Television New Zealand paid about $1 million for the new TV One promotion, the one where people are shining torch lights hopefully into the sky looking for ... well, something. Some media suggested it cost $300,000. In fact, that is what TVNZ paid Sydney consultants Ink, effectively to change the colour for the One logo from blue to orange, setting it against a blue sky. One million sounds a lot for a new commercial but, as any advertiser will tell you, branding television commercials always cost an arm and a leg. The channel promo is screened a lot and TVNZ desperately needs to sell TV One. A lot of people in the advertising industry are snitchy, saying the aspirational cast of thousands imagery was ostentatious and the refrain from the young girl not unlike Saatchi's ads for Telecom. The new ad is like previous TV One campaigns - Welcome to Our World, the Monty Pythonesque animations - appealing and necessary but ultimately wallpaper. As for the $300,000 paid to change the colour of the One logo, from blue to orange, one contact was bemused. Couldn't you change colours by pushing a couple of buttons on the office PC?

Rewriting history

After job cuts, the former head of news and current affairs Bill Ralston has portrayed himself as a champion of quality broadcasting who resigned rather than make the cuts. Not everyone at TVNZ, past and present, agrees with that interpretation.

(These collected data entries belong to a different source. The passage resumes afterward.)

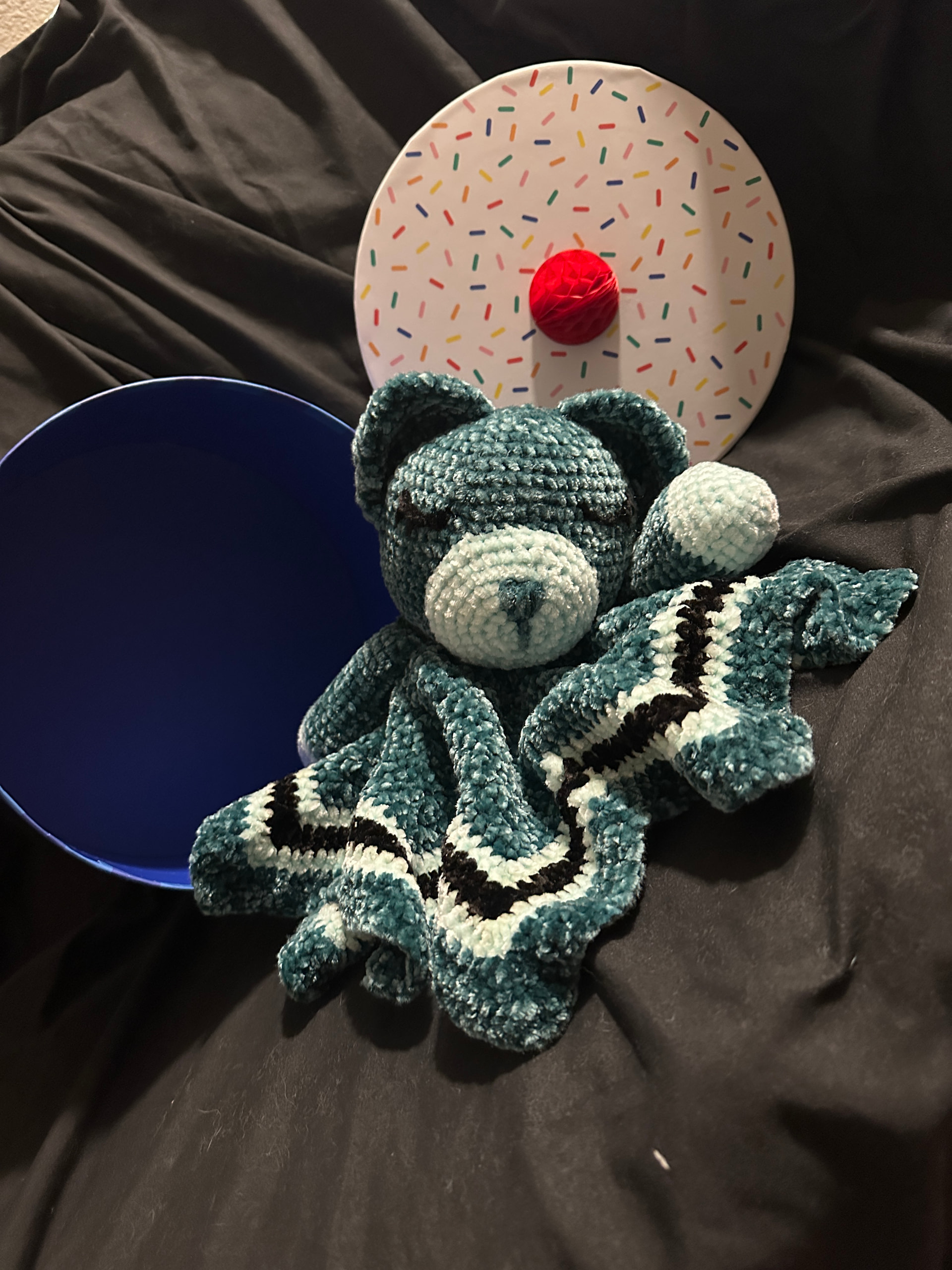 Here is a lovey I made for a coworker. The light blue is the one I mentioned I’d be using if I got ahold of the pattern!
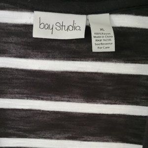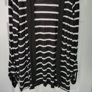 Lightweight and versatile, this black and white striped open front rayon cardigan has turned-up ruched sleeves.
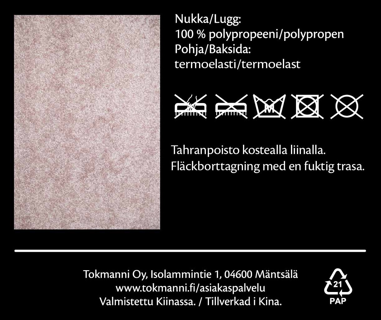 Kotikulta Siena -nukkamatto sopii monipuolisesti sisustamaan erilaisia tiloja. Yksivärinen matto on ajaton valinta ja helppo yhdistää osaksi muuta sisustusta. Matossa on liukuestepohja, joka pitää maton tukevasti paikallaan.
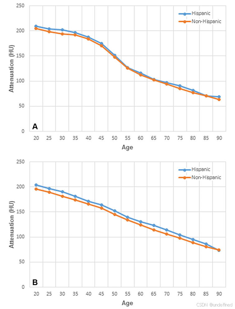 图6:西班牙裔与非西班牙裔患者的骨密度对比(A为女性,B为男性)。

Not all TVNZ's problems are his fault but Ralston has a rosy view of the three years when he controlled the budget of $50 million a year. He is talented, engaging and a good performer. There were one or two hints early on in his reign that he was making a difference.

It would be one thing if One News ratings crashed because of the adoption of a more thoughtful, intelligent form of news and current affairs. But the reality is that the ratings collapsed using the old TVNZ formula.

Funding self-promotion?

Does CanWest MediaWorks have indirect access to taxpayer money for its marketing budget? The new four-part TV3 documentary series Sex Wars features TV3 news anchor Hilary Barry, Petra Bagust, who has always been associated with TV3, and Kim Adamson and Jeremy Corbett from CanWest-owned More FM in Auckland.

New Zealand On Air gave the series $272,000 and in most part it is pleasant, light and breezy viewing. But it is also a big plug for CanWest personalities.

Sex Wars producer Rachel Jean of Isola Productions says there is no tie- up between high exposure for CanWest presenters and the series being backed by TV3, allowing it to apply for a New Zealand On Air subsidy.

She said that a few years ago the TV industry had policies about stars and which network they were associated with but that was no longer the case. Jean said Barry, Kim and Corbett all featured on a More FM radio show about the relationship between the sexes so that was why they featured. Maybe so. But that state-subsidised exposure would have been worth a lot to CanWest.